Business valuation is a set of steps used to assess the economic worth of an owner’s interest in a business. There are many different valuation methods that can be used. If you are ready to sell your business, you need to learn as much as you can about these different valuation methods. The three most used approaches to valuation are asset-based, income-based and market-based. This guide will take a quick look at all three methods and why valuation is important for the sale of a business.
Valuation
Valuating a business gives you an idea of what it is worth. This knowledge can help you close a sale. You can’t expect a buyer to pay way more than your business is worth, and you shouldn’t have to settle for a low-ball price. A valuation is important because it takes the guesswork out of selling your business. You will know exactly what kind of money you should get.
Asset-Based
The asset-based approach considers the assets of the business. The value of the business is then based on the price of the assets. The formula for this approach is value of total assets minus total liabilities. There is some room for interpretation when it comes to assets and liabilities that need to be included.
To put it simply, this approach strives to define what it would cost to create another business just like the business you are selling. This approach isn’t perfect because it can be hard to value an intangible asset. This valuation method isn’t right for all businesses.
Income-Based
The income-based approach focuses on how much money the company produces for the owners. This value is estimated by looking at the net operating income of the business and dividing it by the capitalization rate. Often this approach is used for real estate properties, but it can work for other types of businesses as well.

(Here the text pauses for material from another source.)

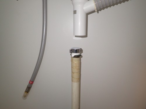 新洗面台の排水管と、既設のお湯管がぶつかって

This approach, like the asset-based approach, has its shortfalls. It doesn’t always look at the condition of the business. Instead, this method only looks at the cash flow into the business. It’s a great way to get a quick snapshot of the business’s worth, but it isn’t an all-encompassing look at the value of the company.
Market-Based
The third common valuation method is the market-based approach. This method investigates other business in the same or a similar industry that have been recently sold. The value of your business will be based on the average value of comparable businesses in the market. Of course, other factors of your business have to be considered in this approach. Adjustments are made to the value based on the size, quantity and quality of your business compared to other businesses.
This approach is not perfect, either. Sometimes your company may be compared to a business that was sold recently at an unreasonably low price because the owner did not take the time to have it properly valuated. The market-based approach can be useful for some businesses.
Work With Professionals
When it comes down to it, none of these valuation approaches is completely perfect. It is hard to figure out the value of a business because there are so many different considerations to make. Not only are there assets you can see and touch, but there are also intangible assets that make your business worth more, but are hard to explain. When you are ready to sell your business, you have to get it valuated. If you work with a professional through this process, you will be able to get a better understanding of the worth of your company.
Work with a team of professionals to make sure you get the most accurate value of your business. Don’t sell your business for too little. Instead, use one of the above methods or a combination of the methods to properly value your business for sale.